Skimmed or reduced-fat milk, Soya milk, Low-fat plain yoghurt, Reduced fat cheese.

5. Protein foods

Protein foods such as eggs and meat are low in fat and energy-dense. They contain protein, iron and essential vitamins. Protein foods should be included as part of a healthy diet plan:

Lean Chicken or turkey breast without the skin, Lean Beef or Lamb mince (trimmed of visible fat), Lean Veal (trimmed of visible fat), Eggs, Low-fat cheese.

6. Oils and spreads

Oils and spreads such as olive oil and margarine are low in fat and energy-dense. They contain essential vitamins (vitamin E) and minerals (iron). Oils should be included as part of a healthy diet plan:

Olive oil, Sunflower oil, Rapeseed oil, Low fat spread.

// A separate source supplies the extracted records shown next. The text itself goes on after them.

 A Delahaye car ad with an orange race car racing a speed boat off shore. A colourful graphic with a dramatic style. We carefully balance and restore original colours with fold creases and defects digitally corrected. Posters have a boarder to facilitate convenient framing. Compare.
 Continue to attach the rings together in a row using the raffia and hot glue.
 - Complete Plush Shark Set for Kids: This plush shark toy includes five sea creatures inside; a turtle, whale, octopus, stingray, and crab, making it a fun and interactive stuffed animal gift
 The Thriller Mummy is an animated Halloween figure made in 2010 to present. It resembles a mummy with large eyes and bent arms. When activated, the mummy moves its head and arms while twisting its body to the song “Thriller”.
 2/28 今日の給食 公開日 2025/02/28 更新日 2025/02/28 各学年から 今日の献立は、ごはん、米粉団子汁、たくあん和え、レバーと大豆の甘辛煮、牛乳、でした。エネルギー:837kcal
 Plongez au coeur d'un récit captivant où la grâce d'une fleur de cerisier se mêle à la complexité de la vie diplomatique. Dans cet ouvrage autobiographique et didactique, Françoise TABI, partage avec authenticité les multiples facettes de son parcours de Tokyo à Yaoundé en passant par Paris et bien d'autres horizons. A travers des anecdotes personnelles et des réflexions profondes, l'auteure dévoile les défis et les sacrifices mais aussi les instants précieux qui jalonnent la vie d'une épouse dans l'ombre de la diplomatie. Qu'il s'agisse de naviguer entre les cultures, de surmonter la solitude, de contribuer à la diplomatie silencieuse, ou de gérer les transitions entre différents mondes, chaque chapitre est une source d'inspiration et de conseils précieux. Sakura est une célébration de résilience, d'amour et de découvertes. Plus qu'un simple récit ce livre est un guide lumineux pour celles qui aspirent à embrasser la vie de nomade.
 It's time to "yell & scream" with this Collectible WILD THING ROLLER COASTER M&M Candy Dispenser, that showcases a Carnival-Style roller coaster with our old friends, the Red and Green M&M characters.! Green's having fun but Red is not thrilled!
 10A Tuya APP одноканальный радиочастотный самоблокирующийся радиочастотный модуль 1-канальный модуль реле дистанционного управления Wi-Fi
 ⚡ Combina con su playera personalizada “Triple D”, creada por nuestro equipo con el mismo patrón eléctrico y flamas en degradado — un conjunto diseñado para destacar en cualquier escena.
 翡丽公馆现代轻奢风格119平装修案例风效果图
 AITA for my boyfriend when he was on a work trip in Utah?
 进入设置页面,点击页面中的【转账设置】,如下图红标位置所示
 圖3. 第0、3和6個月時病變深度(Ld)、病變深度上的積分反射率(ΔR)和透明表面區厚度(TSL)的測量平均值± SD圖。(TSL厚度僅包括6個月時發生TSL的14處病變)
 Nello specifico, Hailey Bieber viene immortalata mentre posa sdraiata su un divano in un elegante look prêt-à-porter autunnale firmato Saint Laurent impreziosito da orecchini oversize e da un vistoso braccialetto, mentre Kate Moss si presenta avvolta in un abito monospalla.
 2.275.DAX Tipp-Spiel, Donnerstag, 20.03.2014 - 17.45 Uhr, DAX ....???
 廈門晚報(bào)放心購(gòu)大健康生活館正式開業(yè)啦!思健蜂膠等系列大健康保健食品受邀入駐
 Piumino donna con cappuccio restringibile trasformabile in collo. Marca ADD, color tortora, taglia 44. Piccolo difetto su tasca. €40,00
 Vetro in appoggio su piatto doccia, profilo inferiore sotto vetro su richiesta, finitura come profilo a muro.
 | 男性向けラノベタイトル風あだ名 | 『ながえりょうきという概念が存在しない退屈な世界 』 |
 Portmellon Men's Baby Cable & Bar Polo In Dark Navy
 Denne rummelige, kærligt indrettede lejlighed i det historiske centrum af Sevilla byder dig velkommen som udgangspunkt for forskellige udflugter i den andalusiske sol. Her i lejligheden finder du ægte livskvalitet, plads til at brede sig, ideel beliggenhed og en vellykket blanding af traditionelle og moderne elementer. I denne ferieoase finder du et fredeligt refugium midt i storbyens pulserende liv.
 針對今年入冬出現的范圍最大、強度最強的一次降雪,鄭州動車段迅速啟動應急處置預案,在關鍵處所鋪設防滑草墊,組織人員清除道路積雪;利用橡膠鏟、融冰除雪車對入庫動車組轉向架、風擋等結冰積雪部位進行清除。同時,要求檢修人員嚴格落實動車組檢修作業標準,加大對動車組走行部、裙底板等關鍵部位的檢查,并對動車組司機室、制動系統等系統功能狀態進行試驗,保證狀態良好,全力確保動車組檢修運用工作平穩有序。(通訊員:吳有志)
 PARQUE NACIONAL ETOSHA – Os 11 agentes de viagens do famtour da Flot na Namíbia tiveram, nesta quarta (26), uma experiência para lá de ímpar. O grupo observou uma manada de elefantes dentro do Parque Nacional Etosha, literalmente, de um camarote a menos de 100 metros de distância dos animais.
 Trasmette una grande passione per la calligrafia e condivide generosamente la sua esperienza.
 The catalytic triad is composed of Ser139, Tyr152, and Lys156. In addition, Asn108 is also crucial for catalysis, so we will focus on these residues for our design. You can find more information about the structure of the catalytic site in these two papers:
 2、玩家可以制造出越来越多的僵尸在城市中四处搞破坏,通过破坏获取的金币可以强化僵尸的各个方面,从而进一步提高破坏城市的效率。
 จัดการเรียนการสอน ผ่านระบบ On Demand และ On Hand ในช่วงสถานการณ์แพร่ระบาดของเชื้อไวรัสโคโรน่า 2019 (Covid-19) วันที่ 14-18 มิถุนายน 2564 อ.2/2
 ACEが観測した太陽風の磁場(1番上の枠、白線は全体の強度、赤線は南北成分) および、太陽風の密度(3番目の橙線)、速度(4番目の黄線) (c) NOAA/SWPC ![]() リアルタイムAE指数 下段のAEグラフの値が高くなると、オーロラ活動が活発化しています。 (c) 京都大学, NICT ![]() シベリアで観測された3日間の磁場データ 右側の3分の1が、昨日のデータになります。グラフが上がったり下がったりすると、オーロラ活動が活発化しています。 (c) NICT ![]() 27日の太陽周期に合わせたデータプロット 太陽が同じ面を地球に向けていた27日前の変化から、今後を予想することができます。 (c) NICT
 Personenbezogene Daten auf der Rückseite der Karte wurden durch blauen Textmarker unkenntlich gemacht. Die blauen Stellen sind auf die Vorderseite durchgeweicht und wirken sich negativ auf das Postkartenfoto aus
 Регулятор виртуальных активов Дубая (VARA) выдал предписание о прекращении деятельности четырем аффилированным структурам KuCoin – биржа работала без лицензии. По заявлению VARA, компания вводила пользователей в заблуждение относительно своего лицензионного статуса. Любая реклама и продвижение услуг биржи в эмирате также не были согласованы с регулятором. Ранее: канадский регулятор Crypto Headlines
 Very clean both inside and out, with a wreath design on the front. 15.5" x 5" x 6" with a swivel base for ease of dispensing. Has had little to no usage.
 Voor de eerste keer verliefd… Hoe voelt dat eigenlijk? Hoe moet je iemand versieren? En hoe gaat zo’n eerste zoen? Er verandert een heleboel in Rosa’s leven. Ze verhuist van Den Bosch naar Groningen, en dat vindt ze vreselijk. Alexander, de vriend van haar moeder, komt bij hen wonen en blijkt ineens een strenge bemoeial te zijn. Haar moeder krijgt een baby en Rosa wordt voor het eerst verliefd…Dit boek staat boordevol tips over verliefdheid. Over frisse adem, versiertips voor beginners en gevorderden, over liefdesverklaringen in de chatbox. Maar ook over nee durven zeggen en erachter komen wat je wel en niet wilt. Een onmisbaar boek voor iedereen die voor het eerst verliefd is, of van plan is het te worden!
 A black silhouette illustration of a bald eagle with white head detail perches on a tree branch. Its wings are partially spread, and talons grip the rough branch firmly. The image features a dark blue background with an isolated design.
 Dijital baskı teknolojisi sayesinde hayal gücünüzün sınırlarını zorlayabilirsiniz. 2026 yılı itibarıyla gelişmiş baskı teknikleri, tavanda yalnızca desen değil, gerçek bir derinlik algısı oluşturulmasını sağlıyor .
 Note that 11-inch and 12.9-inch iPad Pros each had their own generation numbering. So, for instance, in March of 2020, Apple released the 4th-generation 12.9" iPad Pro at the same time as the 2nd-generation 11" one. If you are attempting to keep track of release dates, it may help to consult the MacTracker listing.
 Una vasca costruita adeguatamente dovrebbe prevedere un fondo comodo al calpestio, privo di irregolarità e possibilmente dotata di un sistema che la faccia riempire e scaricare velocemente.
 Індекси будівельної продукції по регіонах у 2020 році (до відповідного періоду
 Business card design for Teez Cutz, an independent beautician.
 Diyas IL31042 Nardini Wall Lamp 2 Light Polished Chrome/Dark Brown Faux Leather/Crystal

7. Seasonings and condiments

Seasoning and condiments are very low in calories and do not contain essential vitamins or minerals. There are many options to choose from when seasoning food:

Fresh or dried herbs (basil, oregano, thyme), Garlic, Chilli powder, Black pepper, Salt substitutes.

8. Drinks

Water is the best option for a drink but low-calorie options such as carbonated drinks and fruit juices are also good to include in a healthy diet plan:

Water (500ml per day), Diet soft drinks, 100% fruit juice, Tea, Coffee.